[The spatiotemporal frequency tuning of pattern visual evoked potentials in rats].

OBJECTIVE

To observe the spatiotemporal frequency tuning of pattern visual evoked potentials in Wistar rats.

METHODS

Experimental study. 15 Wistar rats of 8 weeks old were used in this study. Recording electrodes were chronically inserted into the skull without piercing the dura at the corresponding sites to the primary visual cortex under anesthesia. Reference electrodes were inserted into the nose bone in the same way. Pattern visual evoked potentials were recorded on the 3(rd), 5(th), 7(th) and 9(th) postoperation days. The visual stimuli were chessboard patterns with spatial frequency of 0.01, 0.02, 0.04 or 0.08 cpd, and temporal frequency of 1, 2, 4 or 6 Hz, respectively.
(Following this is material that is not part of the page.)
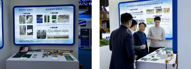 地下空間公司工程技術(shù)研究中心自主研發(fā)的地面雷達(dá)、孔中雷達(dá)設(shè)備,備受關(guān)注。基于分時(shí)復(fù)用邏輯,支持5種不同頻段共16通道T/R組件時(shí)序工作,兼顧探測深度與精度。并行等效采樣技術(shù),充分利用ADC采樣性能,在高速運(yùn)動(dòng)情況下復(fù)現(xiàn)厘米級精度數(shù)據(jù),時(shí)變增益PGA+LNA,顯著提高有效探測距離且結(jié)構(gòu)緊湊,特別適用于隨鉆檢測斷裂帶、空洞、大埋深管線等。現(xiàn)場接待人員與來自各地的訪客熱情耐心的溝通交流,進(jìn)行全面的解說。地下空間公司展位的訪客絡(luò)繹不絕,獲得眾多贊賞。
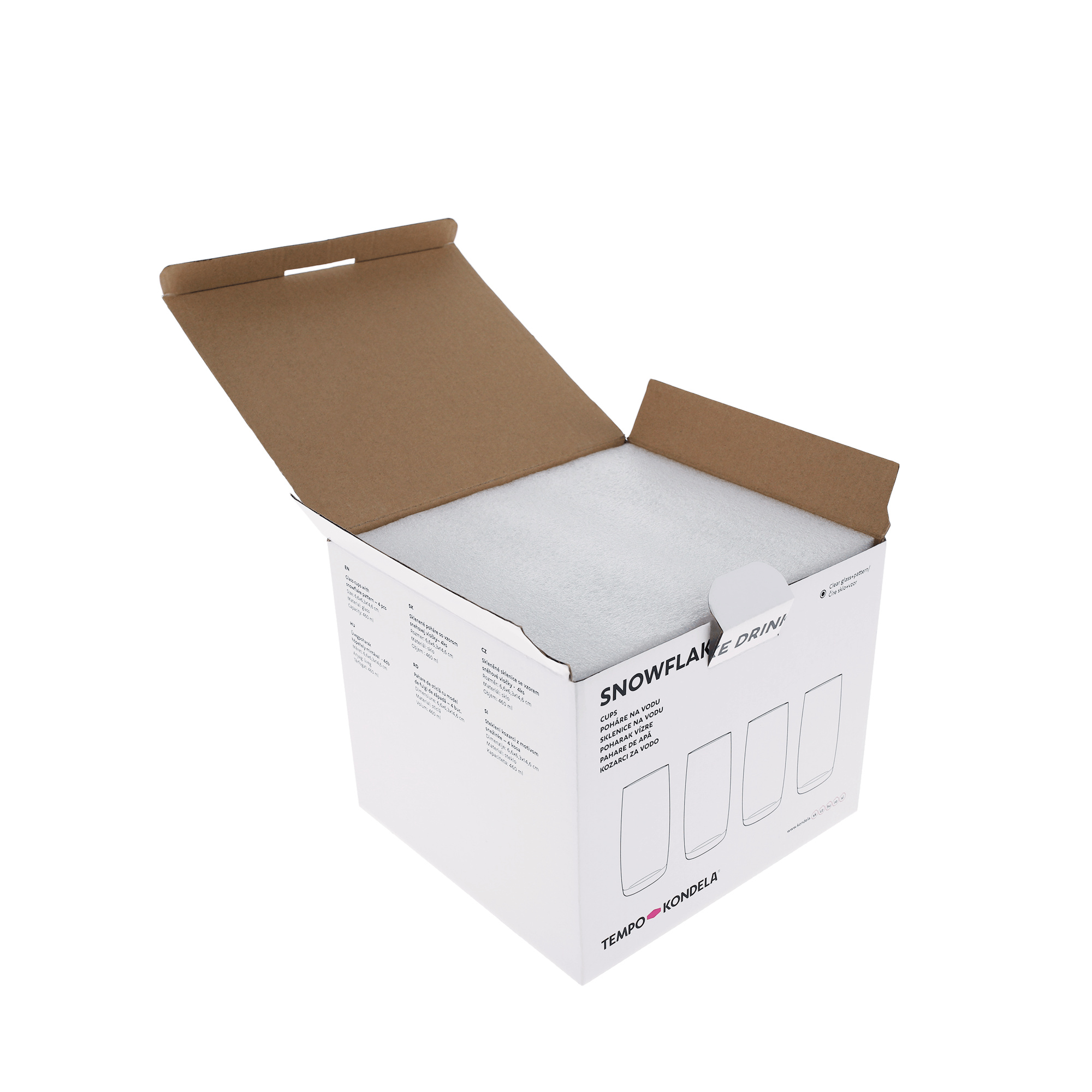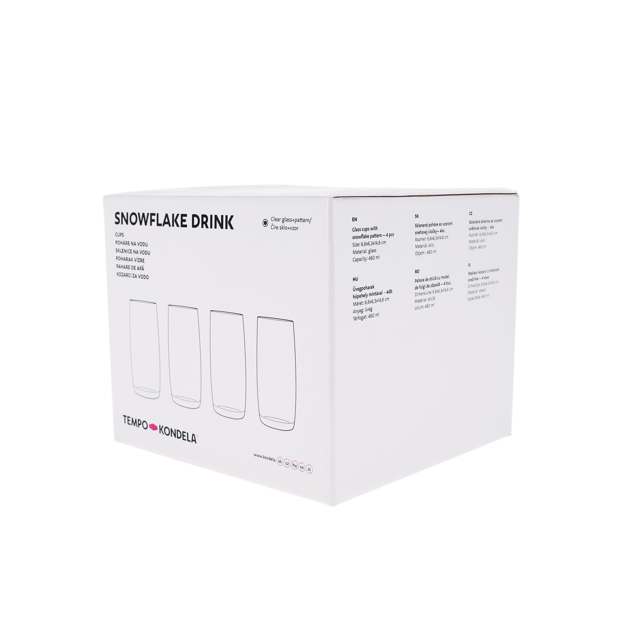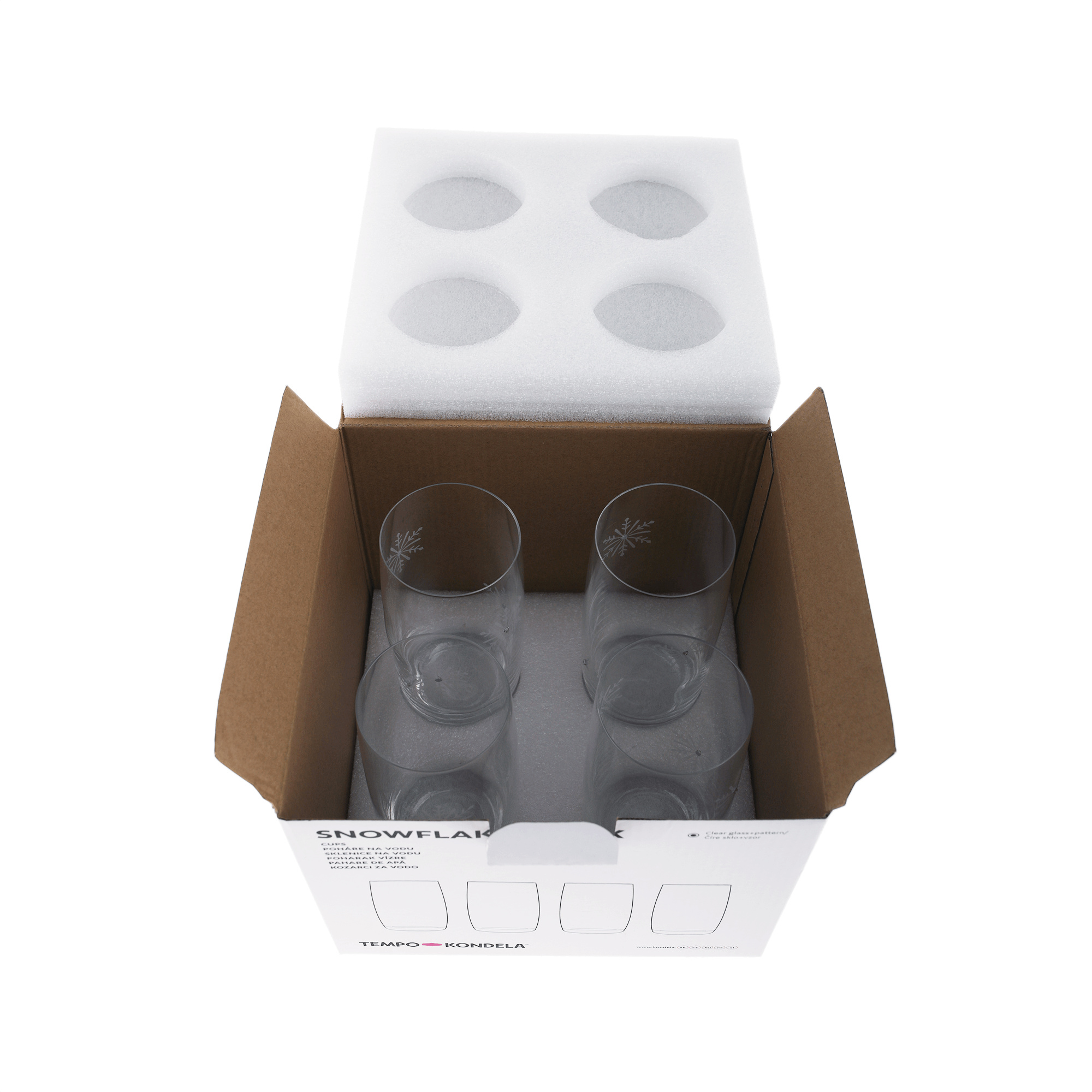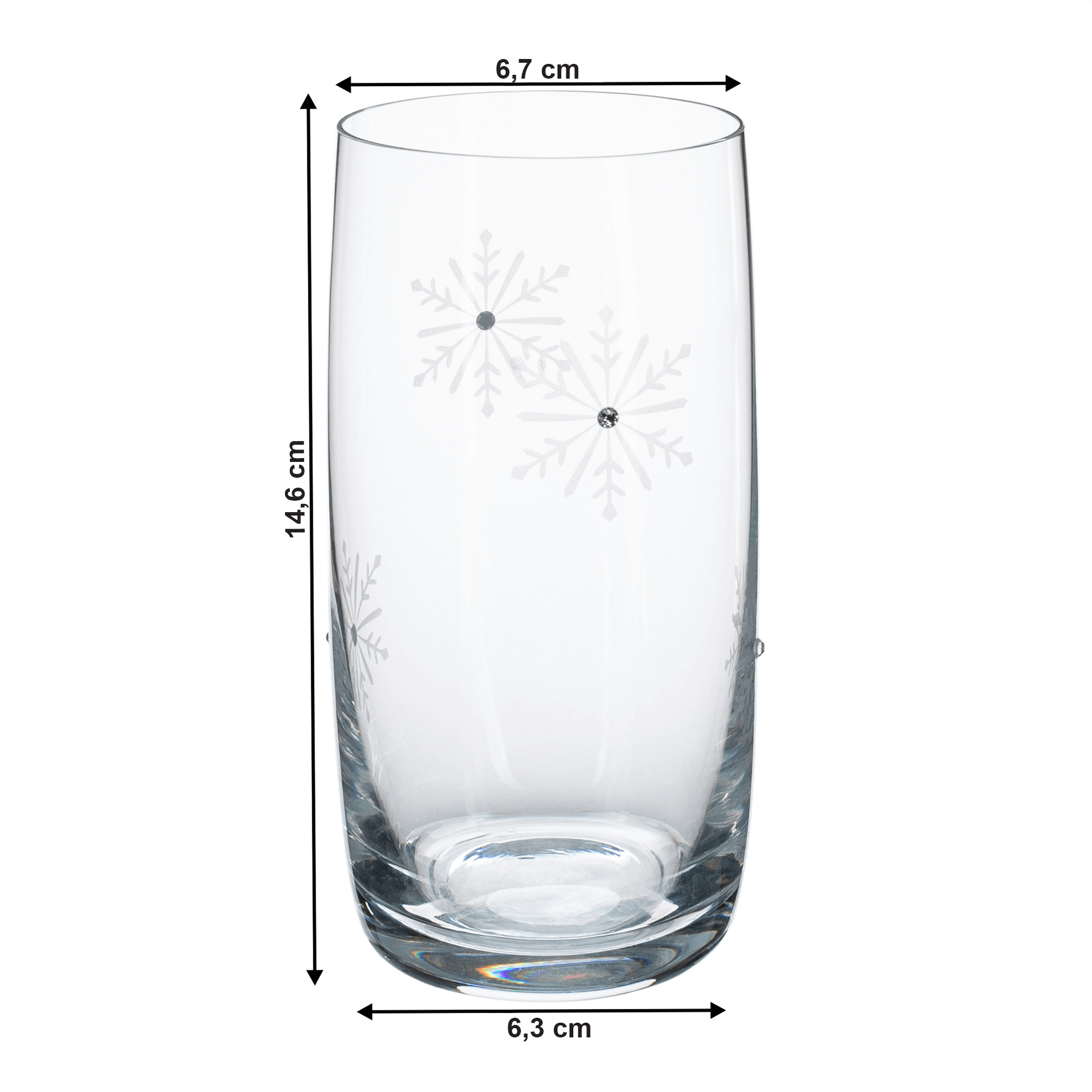 Set 4 ks sklenic na vodu Materiál: sklo Barva: čirá / bílá Rozměr (průměr x V): 6,7x14,6 cm Spodní průměr: 6,3 cm Objem poháru: 460 ml Hmotnost poháru: 225 g Vánoční design Zdobené vločkami s umělým diamantem Nevhodné do mikrovlnné trouby Nevhodné do myčky

Data were processed and statistically analyzed with Matlab and SPSS. The amplitudes and latencies of pattern visual evoked potentials under different spatial and temporal frequencies, the inter-individual variations and the repeated measurement variations were compared.

RESULTS

With the increase of spatial frequencies, the P100 amplitudes of PVEPs were gradually reduced, which were (29.87 ± 10.37) µV (0.01 cpd), (31.92 ± 10.98) µV (0.02 cpd), (28.46 ± 6.18) µV (0.04 cpd) and (20.71 ± 6.54) µV(0.08 cpd), respectively, with significant difference among groups (F = 3.725, P = 0.018), and the P100 latencies of PVEPs were gradually elongated, which were (96.25 ± 12.12) ms (0.01 cpd), (95.73 ± 15.13) ms (0.02 cpd), (101.75 ± 8.11) ms (0.04 cpd) and (125.58 ± 18.32) ms (0.08 cpd), respectively, with significant difference among groups (F = 12.187, P = 0.000) . With the increase of temporal frequencies, the P100 amplitudes of PVEPs were gradually reduced, which were (30.71 ± 8.25) µV (1 Hz), (29.75 ± 4.76) µV (2 Hz), (25.79 ± 8.51) µV (4 Hz) and (19.63 ± 6.00) µV (6 Hz), with significant difference among groups (F = 6.115, P = 0.001), and there was no change of P100 latencies, which were (102.58 ± 16.09) ms (1 Hz), (101.75 ± 10.32) ms (2 Hz), (104.25 ± 12.51) ms (4 Hz) and (102.67 ± 13.59) ms (6 Hz), respectively, with no significant difference among groups (F = 0.074, P = 0.974). The inter-individual variation was the smallest under the spatial frequency of 0.04 cpd and temporal frequency of 2 Hz. The repeated measurement variations showed no significant change under tested conditions.

CONCLUSION

Under appropriate stimuli and recording conditions, PVEP can be reliably recorded in Wistar rats. The spatiotemporal frequency tuning of P100 amplitudes of Wistar rats exhibit low-pass selectivity. The spatial frequency affects the P100 latency in Wistar rat, but not so does the temporal frequency.